Снова ее охватило желание бежать из города. Исчезнуть. Желание почти победило ее – все, что ей нужно, припасено в потайной комнатке. Просто забрать вещи, взять лошадь – и все.
Нет. Нет, нет и нет.
Бежать сейчас – значит предать все, во что она верила. И, кроме того, именно бегство как раз и будет той самой ошибкой, которой и ждет Аполон!
«Куда легче заметить женщину на дорогой лошади, которая мчится в земли, еще не завоеванные императором, чем найти определенную женщину в городе. Нет, оставаться Раймондой для меня куда безопаснее».
Она поискала записку от Нанни, но там ничего не было – ни у входа, ни у двери в ее комнату. Пажей было довольно легко найти – их крики гулко отдавались от стен, и она увидела, что они, оказавшись во дворце одни, играют в ее любимую игру.
Они обнаружили, что по перилам главной лестницы ужасно здорово кататься, особенно если сложить внизу перины, обычно спрятанные в кладовке для зимних вещей под лестницей.
Нанни делала вид, что не замечает – прямо как в те времена, когда такое же проделывала сама Шелира.
Но Леопольда нигде не было видно.
«Надо пробраться в королевскую башенку, – решила она. – Если он один, то он снова может начать разговаривать сам с собой, и я узнаю что-нибудь новенькое».
Что же, неплохая причина пойти поискать его.
Она нашла его в кабинете в королевской башне. Судя по всему, он тут проводил большую часть времени. Повсюду лежали стопки книг, на подносе у огня – остатки простого завтрака. У нее было удобное место для наблюдения – потайной ход, упиравшийся в камин. От разведенного в нем огня тут было тепло и уютно. Если пробыть тут достаточно долго, то она, пожалуй, даже отогреется.
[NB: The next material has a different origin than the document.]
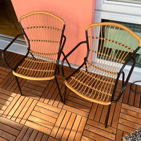 Stol i rotting med metallben i svart. Sits och rygg är flätade i brun rotting med rundad form som ger stöd för rygg och armar. Passar exempelvis på balkong, altan eller inomhus i vardagsrum eller matplats. Säljes som set med två likadana stolar.

Но Леопольд не читал и не ел – он сидел в кресле ее отца, подперев голову рукой и глядя на что-то, чего она не могла увидеть.
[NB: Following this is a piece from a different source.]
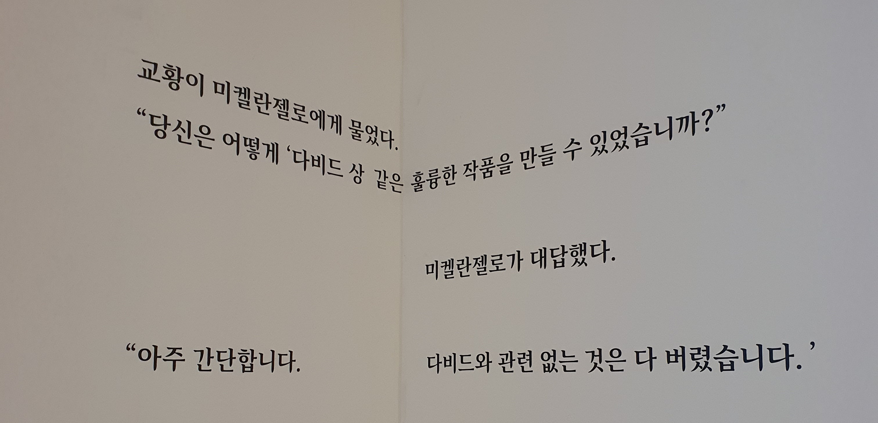 무엇보다 미켈란젤로의 생각을 볼 수 있어 좋았습니다.

Ей пришлось поменять точку наблюдения – и тут она аж заморгала от удивления.
Это был маленький портрет, который сделал с нее мастер Леонард прежде, чем написать большой парадный. Это был всего лишь цветной набросок, но ей самой он казался очень похожим, потому что ее парадный портрет в парадном платье казался ей совершенно чужим. Леонард нарисовал ее у открытого окна в ветреный день. Она была в брюках для верховой езды, куртка и рубашка были расшнурованы и открывали шею, волосы были распущены. Ее бабке этот портрет очень понравился, и она велела вставить его в раму. Она держала его в своем кабинете вместе с наброском портрета Лиданы, работавшей над каким-то украшением.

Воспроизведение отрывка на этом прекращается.